If this is done properly it means you could make generic motherboards, and generic memory controllers, and all sorts of different accelerators and mix and match them from various vendors. So its no surprise that the smaller players in the market and trying to gang together and the larger player is trying to keep lock-in.

Knights Landing as it stands would already integrate in systems better if it were using an inter-cpu bus than a peripheral bus as well as GPUs, FPGAs, and certainly RDMA/memory window systems like Mellanox.

Inherent distrust of standards aside, this could be a great win for people putting together bespoke systems in interesting configurations (i.e. Google), I don't think there is any downside in theory for Intel except more competition.

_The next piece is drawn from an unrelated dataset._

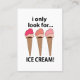 Ice Cream I Only Look For Ice Cream Business Card original design by Nisha Prabhu. Fully Customisable. Personalise with your details. Make a sweet impression with a business card that says it all! Ideal for ice cream enthusiasts, vendors, or entrepreneurs in the frozen treat industry, this card is more than just contact information—it's a statement. Featuring a fun and vibrant design, it captures the joy of ice cream and invites conversation. Whether you're networking at food festivals, connecting with suppliers, or simply sharing your passion with fellow ice cream lovers, this card will leave them craving more! Bold colours and playful graphics that reflect your love for ice cream.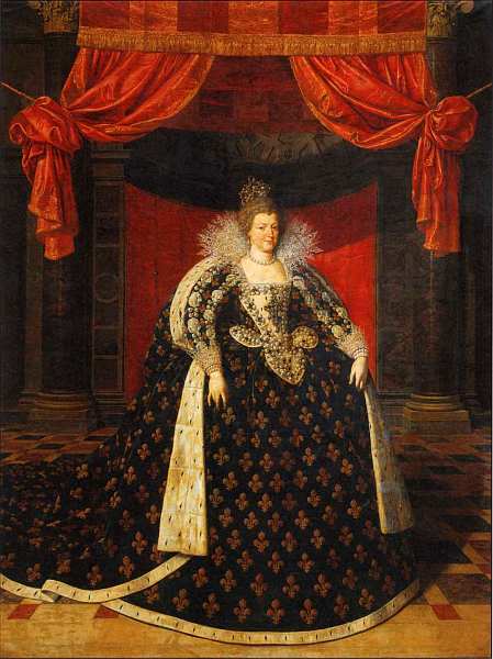 Наиболее известный художник из династии южнонидерландских портретистов, Поурбус Младший долгие годы работал во Франции при дворе Генриха Наваррского. На данном портрете, повторяющем хранящийся в Лувре, изображена жена властителя, королева Мария Медичи.

gpderetta · on Oct 14, 2016

There are KNL variants that sit on a cpu socket and talk to the rest of the system via QPI.

convolvatron · on Oct 15, 2016

I haven't caught up with the latest phi releases, but I'm really interested to do so. I haven't been able to find any discussion about a coherent QPI on KNL, but have found reference to OmniPath, which looks like a non-coherent large scale memory network. Is that what you were thinking of, or maybe could you post a reference?

gpderetta · on Oct 16, 2016

You are right, I was misremembering. The socketed KNL does not have QPI at all, so no multisocket boards are possible. Still the socketed KNL doesn't hang-off the PCI bus as it is its own host processor and has a dedicated link with memory.

Omnipath is used to drive both the Ethernet and PCIe.

samfisher83 · on Oct 14, 2016

No Intel ? Without them joining on board this might not be as useful.

angry_octet · on Oct 14, 2016

It is precisely because Intel has developed its own next generation buses, and is licencing them very restrictively, that CAPI exists. Intel has QPI (Quickpath) for internal and Omnipath for external.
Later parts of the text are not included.